◆ TASK TO CARRY OUT:
Copy each of the entries below faithfully, setting aside any pictures.

RECORDS PROVIDED section start

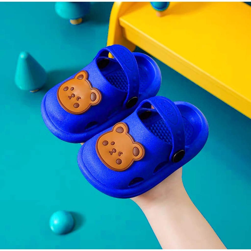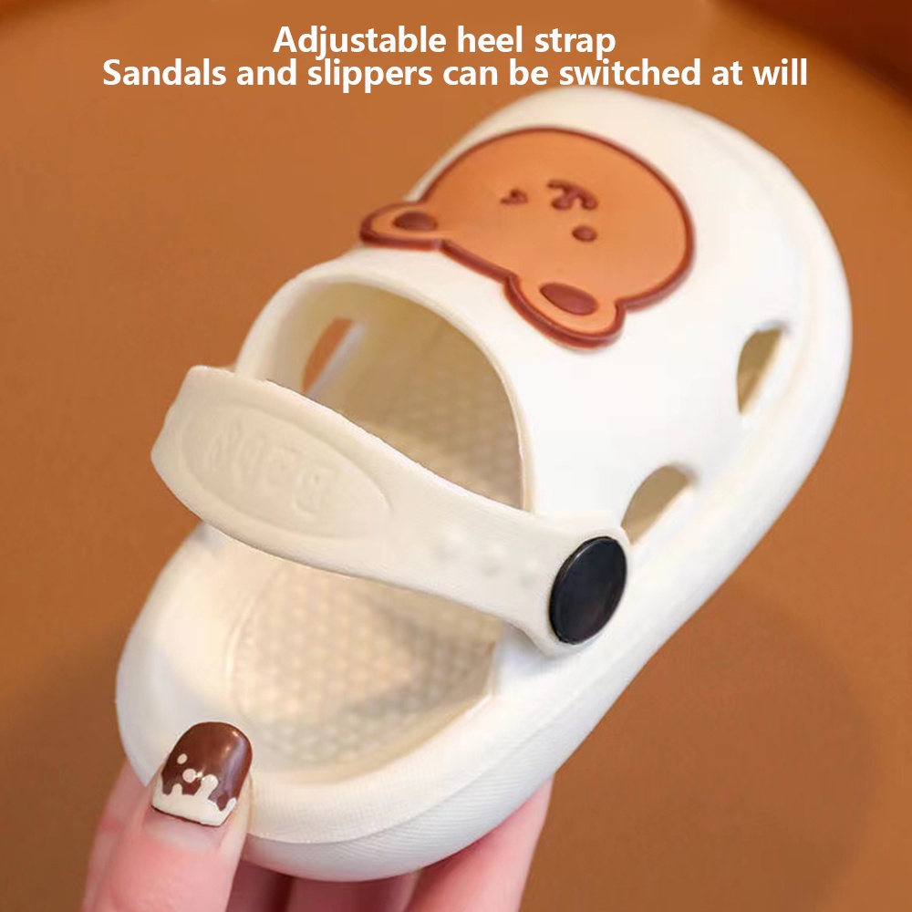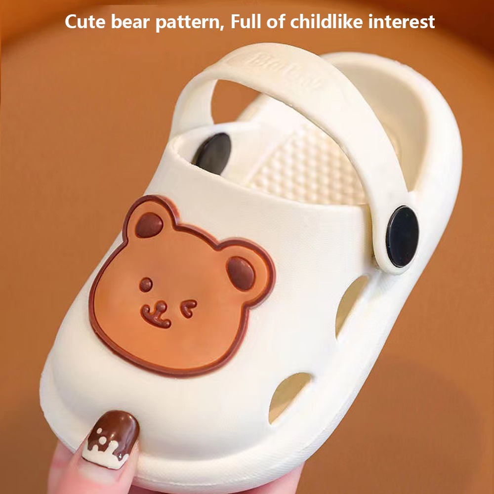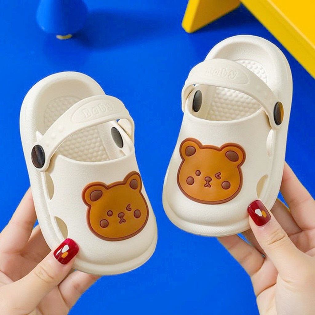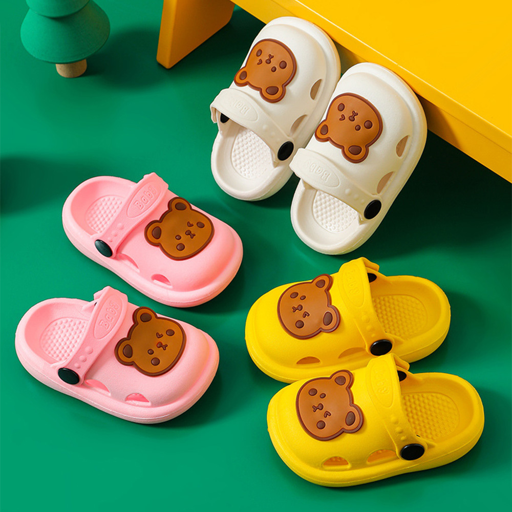 lakoe 1-4 Years Baby Kids Slippers Cute Bear Boys Girls Walking Slipper Non-slip Sandals Beach Shoes Selipar Bayi Budak
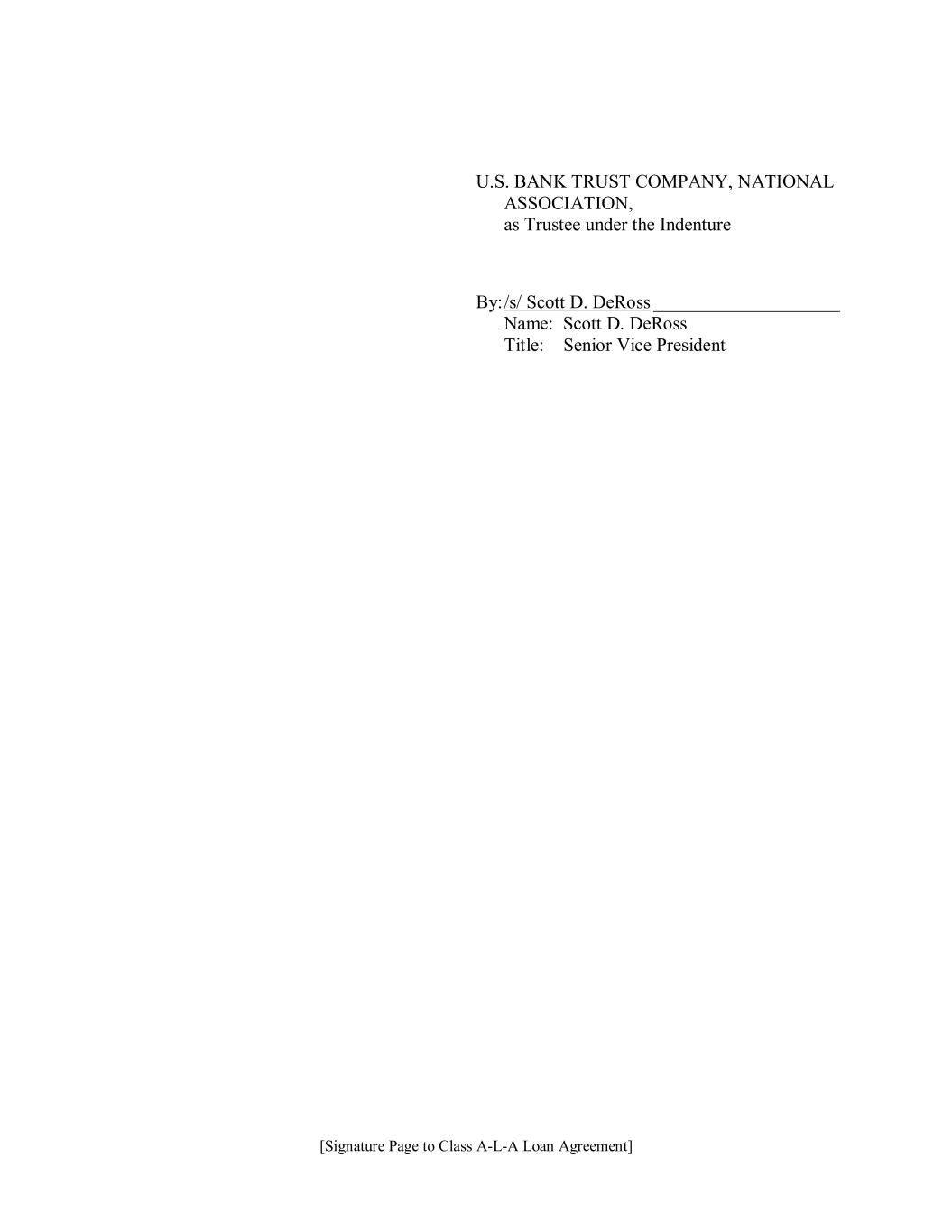 [Signature Page to Class A-L-A Loan Agreement] U.S. BANK TRUST COMPANY, NATIONAL ASSOCIATION, as Trustee under the Indenture By: /s/ Scott D. DeRoss ____________________ Name: Scott D. DeRoss Title: Senior Vice President
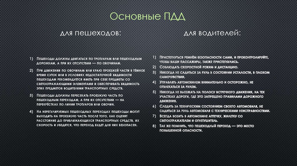 1) ПЕШЕХОДЫ ДОЛЖНЫ ДВИГАТЬСЯ ПО ТРОТУАРАМ ИЛИ ПЕШЕХОДНЫМ
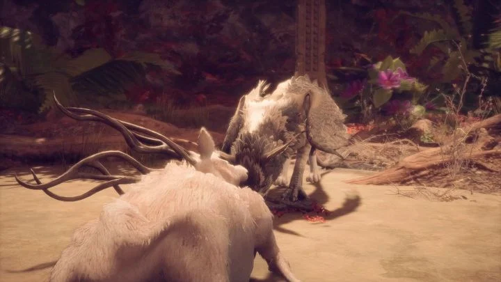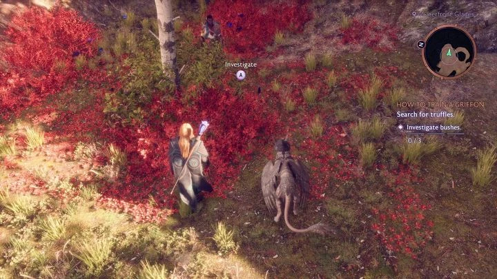 Продвигайтесь по тропинке, слушая диалоги героев. Как только доберетесь до указанного места, вам нужно будет осмотреть три локации в поисках трюфелей. Нужные кусты находятся рядом — просто подойдите к красным кустам около деревьев и активируйте действие.
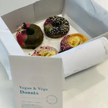 こちらはテイクアウトできる、ベジタリアン、ビーガンのドーナツ。しっとり柔らかく優しい味でプレゼントにもおすすめです。
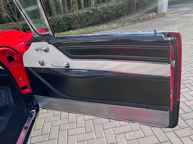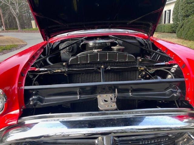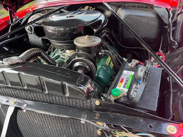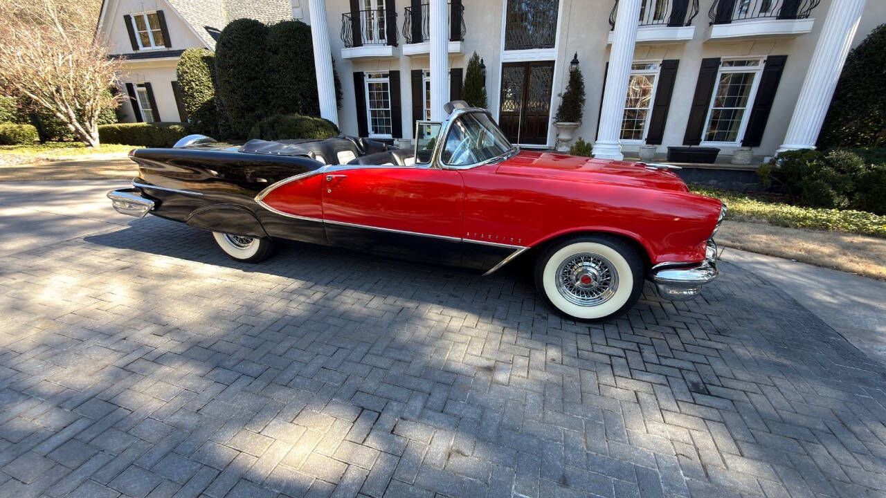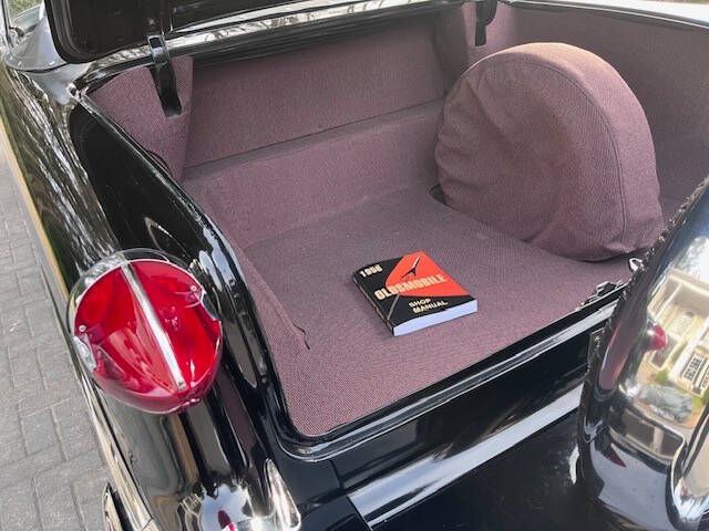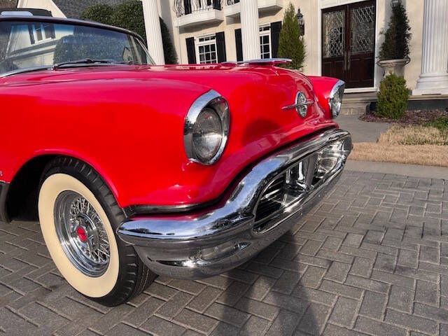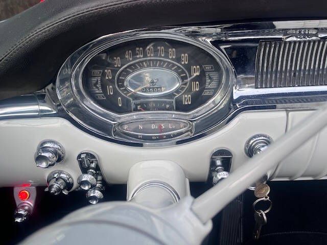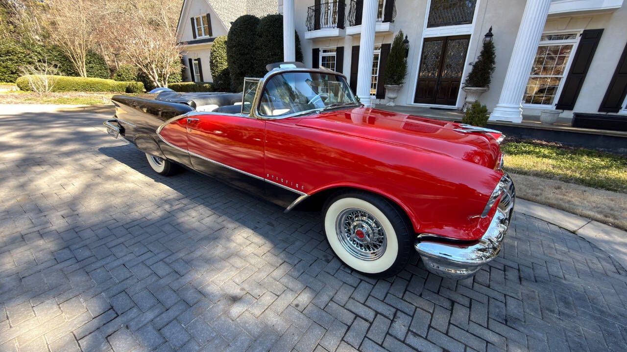 In 1956, a comprehensive redesign of the entire Oldsmobile lineup took place, including the flagship Ninety-Eight series which offered three distinct body styles. The convertible models were branded as the Starfire a nod to the previous years Starfire Dream Car. The 1956 model was updated to be visually more similar to the concept car, incorporating a large deep grille with minimal exterior trim and bumper elements. A Jet-Inspired grille created two deeply concave pods. This Magnificent and Quite Rare Starfire is finished in Stunning Fiesta Red and over Black with Black and White Interior and Black Soft Top underwent a Comprehensive Restoration incl. Exterior, Interior, Top, Brightwork, and Mechanics. It comes with a multitude of amenities including: Hydra-Matic Automatic Transmission 4 Speed Power Assisted Steering Power Assisted Brakes Power Windows Power Seat Power Convertible Top Vinyl and Stainless Door Panels Padded Dashboard Deluxe Push button Radio Delux Heating/Defrost System Courtesy Lamps Parking Brake Signal Oldsmobile Scripted Vanity Mirror Tinted Windows Electric Clock Cigar Lighter (Unused) Vent Windows Windshield Washers Turn Signals Backup Lamps Day/Night Rear View Mirror Chrome Side View Mirror Rear Fender Skirts Black Haartz Canvas Soft Top Black Convertible Top Boot Black and White Deluxe Leather Interior Rocket V-8 Engine 324 cu. in. displacement 5.3L 4 Barrel Carburation Dual Exhaust System 240 Horsepower 3.9 in./3.4 in. Bore/Stroke 9.25 Compression Weight: 3,780 lbs Length: 203.3 in. Wide Whitewall Tires 8.10 x15 Kelsey Hayes Styled Chrome Wire Wheels Oldsmobile Scripted Center Caps Stunning Rear Continental Kit Dual Exhaust Ports Recessed into Rear Bumper Show Quality Undercarriage, Engine Bay, and Trunk Magnificent Jet Styling Hood Ornament Original Owner Manual Sales Literature Shop Manual Many 50s Classic Aficionados believe the 50s Starfire Convertible is at the High Watermark of 50s Styling and Automotive Art! This exquisite Starfire is Absolutely Immaculate Throughout. Of the limited number produced in 1956, only a handful are believed to remain in this color combination, highly optioned, and in this condition! It is as Straight as an Arrow and an Absolute Joy to Drive. It garners all the Oohs and Aahs anytime out. Ready for Show or Tour! Ask $89,950.

RECORDS PROVIDED section end

◆ EXERCISE ANSWER:
 lakoe 1-4 Years Baby Kids Slippers Cute Bear Boys Girls Walking Slipper Non-slip Sandals Beach Shoes Selipar Bayi Budak
 [Signature Page to Class A-L-A Loan Agreement] U.S. BANK TRUST COMPANY, NATIONAL ASSOCIATION, as Trustee under the Indenture By: /s/ Scott D. DeRoss ____________________ Name: Scott D. DeRoss Title: Senior Vice President
 1) ПЕШЕХОДЫ ДОЛЖНЫ ДВИГАТЬСЯ ПО ТРОТУАРАМ ИЛИ ПЕШЕХОДНЫМ
 Продвигайтесь по тропинке, слушая диалоги героев. Как только доберетесь до указанного места, вам нужно будет осмотреть три локации в поисках трюфелей. Нужные кусты находятся рядом — просто подойдите к красным кустам около деревьев и активируйте действие.
 こちらはテイクアウトできる、ベジタリアン、ビーガンのドーナツ。しっとり柔らかく優しい味でプレゼントにもおすすめです。
 In 1956, a comprehensive redesign of the entire Oldsmobile lineup took place, including the flagship Ninety-Eight series which offered three distinct body styles. The convertible models were branded as the Starfire a nod to the previous years Starfire Dream Car. The 1956 model was updated to be visually more similar to the concept car, incorporating a large deep grille with minimal exterior trim and bumper elements. A Jet-Inspired grille created two deeply concave pods. This Magnificent and Quite Rare Starfire is finished in Stunning Fiesta Red and over Black with Black and White Interior and Black Soft Top underwent a Comprehensive Restoration incl. Exterior, Interior, Top, Brightwork, and Mechanics. It comes with a multitude of amenities including: Hydra-Matic Automatic Transmission 4 Speed Power Assisted Steering Power Assisted Brakes Power Windows Power Seat Power Convertible Top Vinyl and Stainless Door Panels Padded Dashboard Deluxe Push button Radio Delux Heating/Defrost System Courtesy Lamps Parking Brake Signal Oldsmobile Scripted Vanity Mirror Tinted Windows Electric Clock Cigar Lighter (Unused) Vent Windows Windshield Washers Turn Signals Backup Lamps Day/Night Rear View Mirror Chrome Side View Mirror Rear Fender Skirts Black Haartz Canvas Soft Top Black Convertible Top Boot Black and White Deluxe Leather Interior Rocket V-8 Engine 324 cu. in. displacement 5.3L 4 Barrel Carburation Dual Exhaust System 240 Horsepower 3.9 in./3.4 in. Bore/Stroke 9.25 Compression Weight: 3,780 lbs Length: 203.3 in. Wide Whitewall Tires 8.10 x15 Kelsey Hayes Styled Chrome Wire Wheels Oldsmobile Scripted Center Caps Stunning Rear Continental Kit Dual Exhaust Ports Recessed into Rear Bumper Show Quality Undercarriage, Engine Bay, and Trunk Magnificent Jet Styling Hood Ornament Original Owner Manual Sales Literature Shop Manual Many 50s Classic Aficionados believe the 50s Starfire Convertible is at the High Watermark of 50s Styling and Automotive Art! This exquisite Starfire is Absolutely Immaculate Throughout. Of the limited number produced in 1956, only a handful are believed to remain in this color combination, highly optioned, and in this condition! It is as Straight as an Arrow and an Absolute Joy to Drive. It garners all the Oohs and Aahs anytime out. Ready for Show or Tour! Ask $89,950.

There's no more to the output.